(RECORDS PROVIDED Opens)
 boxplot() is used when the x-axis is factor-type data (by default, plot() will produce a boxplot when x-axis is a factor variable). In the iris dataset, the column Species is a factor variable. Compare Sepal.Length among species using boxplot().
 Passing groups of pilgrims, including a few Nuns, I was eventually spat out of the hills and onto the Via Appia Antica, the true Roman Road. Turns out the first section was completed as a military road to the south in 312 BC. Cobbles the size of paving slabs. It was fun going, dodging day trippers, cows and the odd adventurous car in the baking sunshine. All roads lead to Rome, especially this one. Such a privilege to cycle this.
(RECORDS PROVIDED Closes)
(RECORDS PROVIDED Opens)
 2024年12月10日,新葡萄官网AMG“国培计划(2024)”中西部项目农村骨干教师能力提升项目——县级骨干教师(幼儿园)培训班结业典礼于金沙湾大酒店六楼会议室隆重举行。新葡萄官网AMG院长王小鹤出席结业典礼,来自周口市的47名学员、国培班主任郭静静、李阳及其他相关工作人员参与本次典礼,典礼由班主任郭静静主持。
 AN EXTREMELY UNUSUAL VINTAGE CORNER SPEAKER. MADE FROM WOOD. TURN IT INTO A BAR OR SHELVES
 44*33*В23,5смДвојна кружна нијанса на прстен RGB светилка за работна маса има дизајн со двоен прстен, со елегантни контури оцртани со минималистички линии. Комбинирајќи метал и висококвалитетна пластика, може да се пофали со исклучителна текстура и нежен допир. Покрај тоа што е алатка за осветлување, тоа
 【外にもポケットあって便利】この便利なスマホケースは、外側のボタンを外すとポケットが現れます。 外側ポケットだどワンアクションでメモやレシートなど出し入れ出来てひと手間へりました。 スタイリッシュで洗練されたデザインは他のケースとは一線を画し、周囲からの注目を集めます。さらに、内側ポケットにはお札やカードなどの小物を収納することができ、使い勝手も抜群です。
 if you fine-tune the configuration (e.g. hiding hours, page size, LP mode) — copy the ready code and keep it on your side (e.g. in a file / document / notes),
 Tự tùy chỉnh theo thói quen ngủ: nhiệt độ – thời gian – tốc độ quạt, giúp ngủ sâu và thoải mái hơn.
(RECORDS PROVIDED Closes)
▸ **DIRECTIONS**
Look above for the line containing "if you fine-tune". Output from there through the line containing "Tự tùy chỉnh", exactly and inclusively.

▸ **EXERCISE SOLUTION**
 if you fine-tune the configuration (e.g. hiding hours, page size, LP mode) — copy the ready code and keep it on your side (e.g. in a file / document / notes),
 Tự tùy chỉnh theo thói quen ngủ: nhiệt độ – thời gian – tốc độ quạt, giúp ngủ sâu và thoải mái hơn.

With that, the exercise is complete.